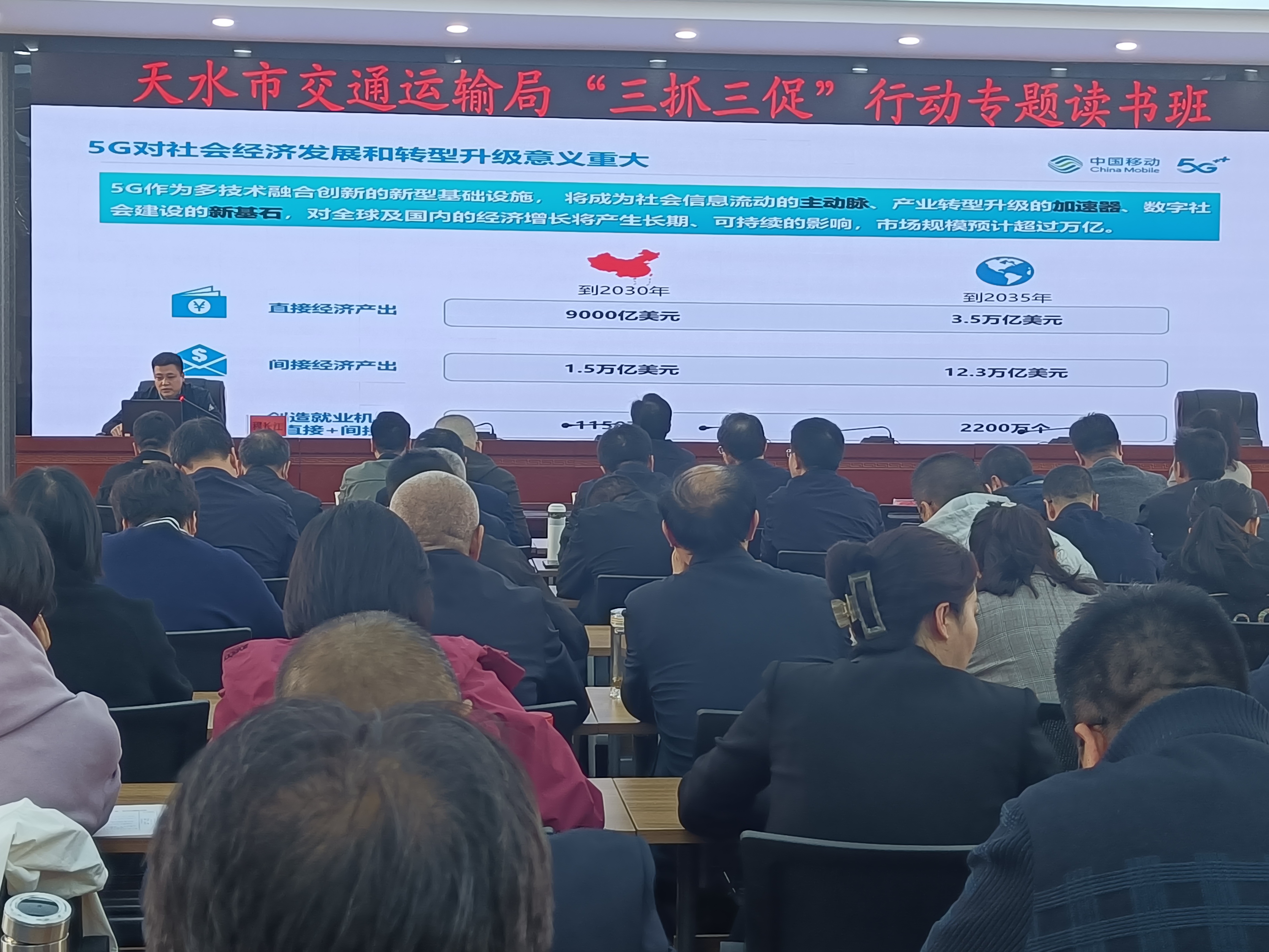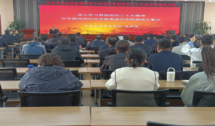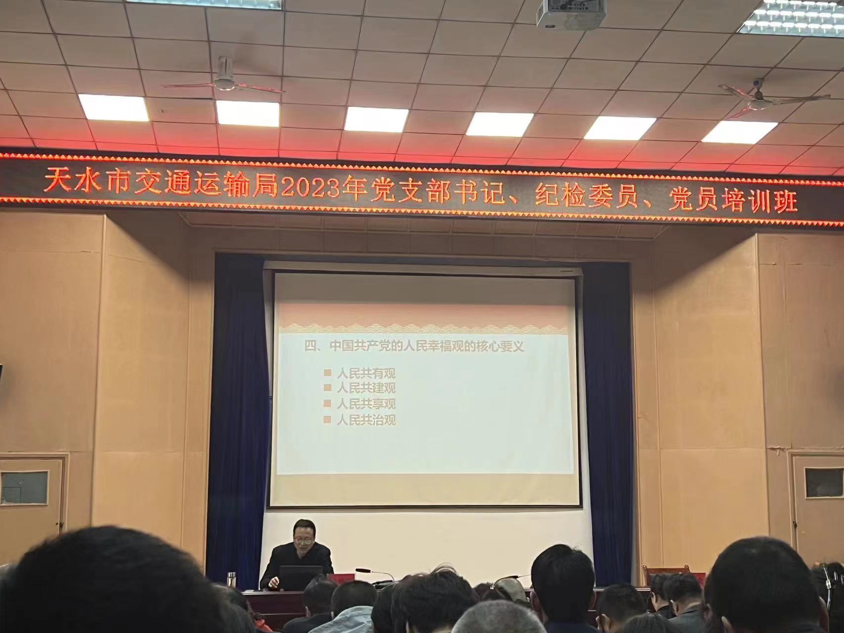 培训班特邀天水师范学院马克思主义学院副院长、教授余明远、中国移动上海产业研究院智慧交通行业高级解决方案专家、省级技术专家、高级工程师穆长江、市委党校教授赵具安、天秦律师事务所主任王朝晖、市委党校讲师侯强强、市交通运输综合行政执法队队长李少龙六位行业专家围绕“新时代中国共产党的人民幸福观”、“5G技术、区块链、大数据等新型技术赋能交通行业信息化发展”、“加快构建新发展格局、着力推动高质量发展”、“浅析交通运输行政执法及行政应诉新亮点、新焦点”、“深入学习贯彻党的二十大精神,为全面建设社会主义现代化国家团结奋斗”、“交通运输行政执法实务培训”六类培训内容进行专题宣讲。
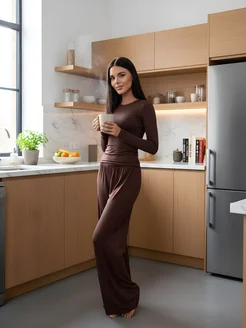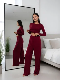 Костюм домашний трикотажный с лонгсливом свободные брюки
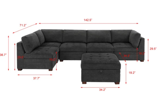 Thomasville Tisdale Modular Sectional 6-piece Dark Gray with Storage Ottoman
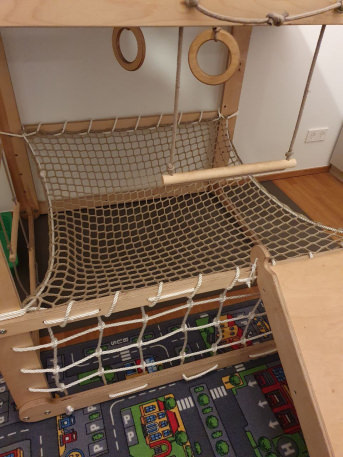 The safety net is used in our daycare as a fall protection and safety net! The quality is super stable and the workmanship is also good. The net also gives the corner a very special atmosphere.
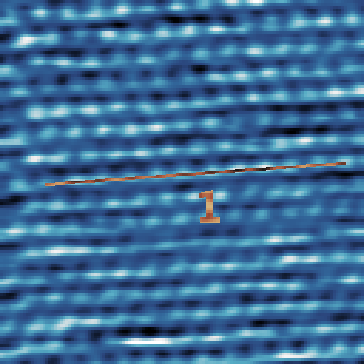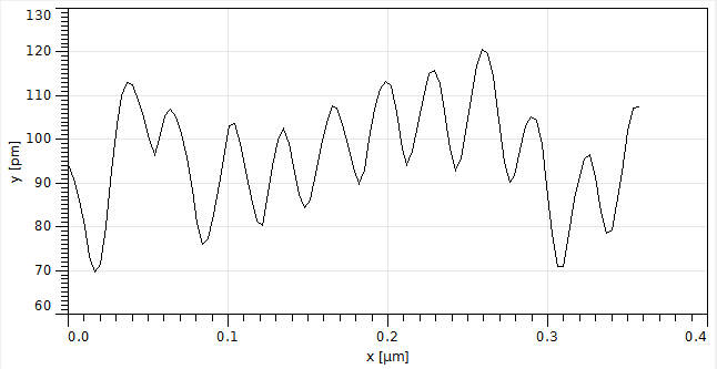 Ignore the x- and y-axis values, they aren’t yet calibrated so they’re wrong! I first leveled the image by leveling one of the atomic planes, so as to align the atomic planes horizontally. There is some noise in the image though, making this procedure somewhat inaccurate. This won’t be a precise calibration but it should at least give us a reasonable estimate of the Z-axis displacement.
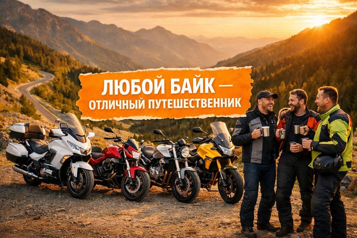? 🤔 Вы уверены, что ваш байк не подходит для путешествий? Спойлер: скорее всего, вы просто недооцениваете своего «коня». Февраль — время разобраться в технике перед сезоном 🏍️ Многие сейчас оценивают свой мотоцикл или выбирают новый, гадая: «А тот ли это класс для путешествий?». Давайте сегодня кратко разберем основные типы байков, их сильные стороны и нюансы. 🔍 Краткий гид по классам: 🚀 Люкс-туреры Плюсы: Максимальный комфорт, защита от ветра, продвинутая электроника и часто — увеличенный запас хода. Идеальны для долгих перегонов по асфальту. Обладают максимальным местом для багажа. Нюансы: Большой вес и габариты. На бездорожье чувствуют себя неуверенно из-за внушительной массы. 🛣️ Круизеры Плюсы: Расслабленная посадка, отличная тяга на низах, стиль. Созданы для размеренного движения по шоссе. Позволяют закрепить большой объем багажа. Нюансы: Низкий клиренс требует аккуратности на дорожных неровностях. 🏙️ Дорожные мотоциклы (Нейкеды / Городские) Плюсы: Легкость, маневренн
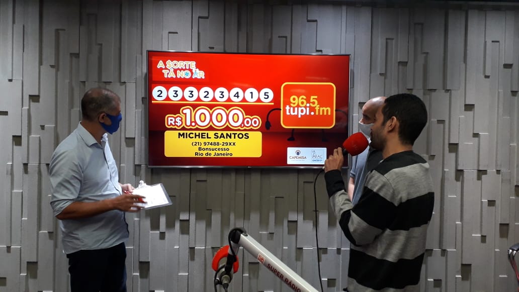 O primeiro sorteio desta segunda-feira aconteceu às 12h30, no programa Patrulha da Cidade. Você confere em 96,5 FM, no site Tupi.FM, no aplicativo e no canal do YouTube da Super Rádio Tupi.
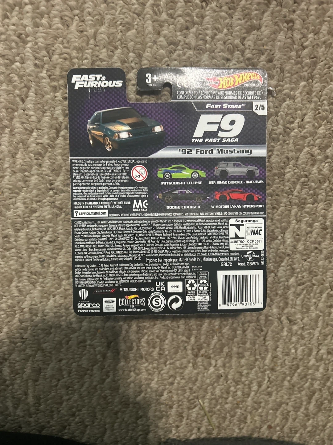 This is a Hot Wheels Premium '92 Ford Mustang from the Fast & Furious line. It's part of the F9 collection. This die-cast car is a 1:64 scale model.
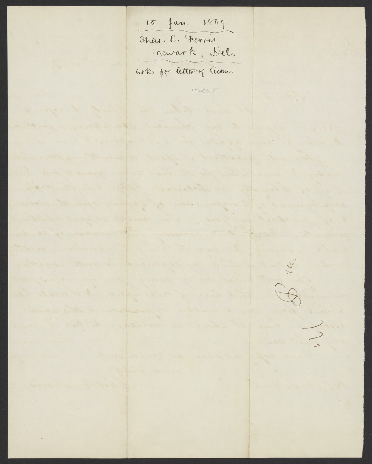 Ferris, Charles. “Letter from Charles Ferris to James Curtis Booth, January 15, 1859,” January 15, 1859. Papers of James Curtis Booth, Box 1, Folder 7. Science History Institute. Philadelphia. https://digital.sciencehistory.org/works/pvkmp6i.
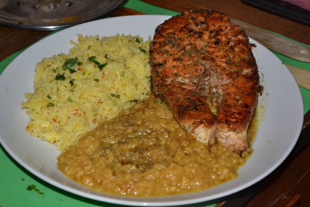 Losos z omako iz jabolk in ingverja plus pečen riž z žafranom in koriandrom:
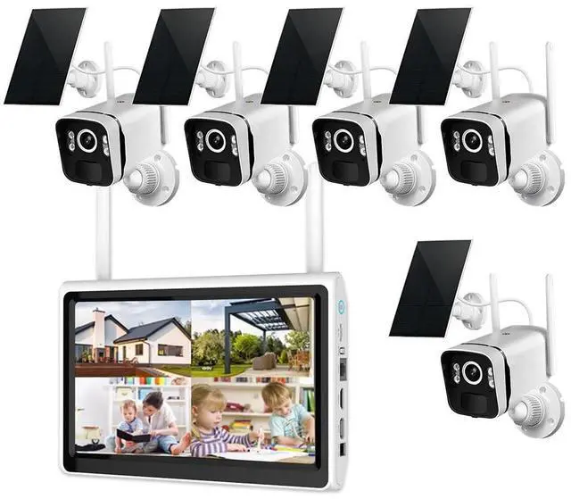 All in One Security SystemZHXINSD solar security camera system equiped with 10 inch monitor(not touch screen). Easy set up and use, all the cameras are paired before shipping. Wireless cameras for home security. Priority security system for family, office, store, warehouse.
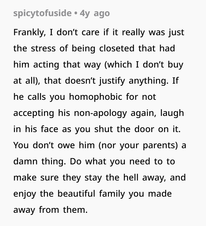 And as for the accusations of being homophobic – I’m not. I don’t care who my brother loves. But what I care about is how he treated me and how my family has treated me my whole life. I’m not going to fall for their manipulative games, no matter how much they want me to.
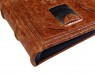 Обкладинка на шкіряному фотоальбомі виготовляється вручну висококласними художниками та майстрами «Златої Артелі» з використанням технік тиснення, високого рельєфу по шкірі, розпису, інкрустації, аплікації, гравіювання. Також ми можемо включити в дизайн фотоальбому елементи металу, дерева, шовку, каміння та кристали Swarovski. У роботі використовується лише натуральна італійська шкіра.
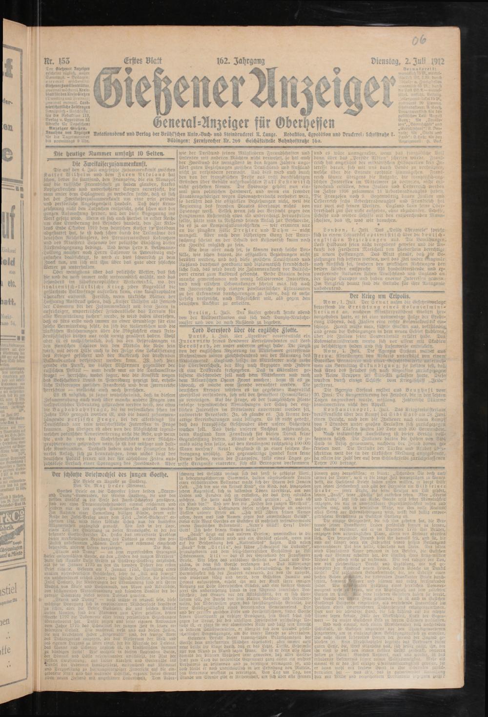 Dienstag, 2. Juli 1912

▸ EXERCISE BRIEF:
Repeat word for word the lines above, from the first entry through the line containing "Ignore the x- and", with both ends kept and the pictures dropped.

▸ ANSWER SPACE:
 培训班特邀天水师范学院马克思主义学院副院长、教授余明远、中国移动上海产业研究院智慧交通行业高级解决方案专家、省级技术专家、高级工程师穆长江、市委党校教授赵具安、天秦律师事务所主任王朝晖、市委党校讲师侯强强、市交通运输综合行政执法队队长李少龙六位行业专家围绕“新时代中国共产党的人民幸福观”、“5G技术、区块链、大数据等新型技术赋能交通行业信息化发展”、“加快构建新发展格局、着力推动高质量发展”、“浅析交通运输行政执法及行政应诉新亮点、新焦点”、“深入学习贯彻党的二十大精神,为全面建设社会主义现代化国家团结奋斗”、“交通运输行政执法实务培训”六类培训内容进行专题宣讲。
 Костюм домашний трикотажный с лонгсливом свободные брюки
 Thomasville Tisdale Modular Sectional 6-piece Dark Gray with Storage Ottoman
 The safety net is used in our daycare as a fall protection and safety net! The quality is super stable and the workmanship is also good. The net also gives the corner a very special atmosphere.
 Ignore the x- and y-axis values, they aren’t yet calibrated so they’re wrong! I first leveled the image by leveling one of the atomic planes, so as to align the atomic planes horizontally. There is some noise in the image though, making this procedure somewhat inaccurate. This won’t be a precise calibration but it should at least give us a reasonable estimate of the Z-axis displacement.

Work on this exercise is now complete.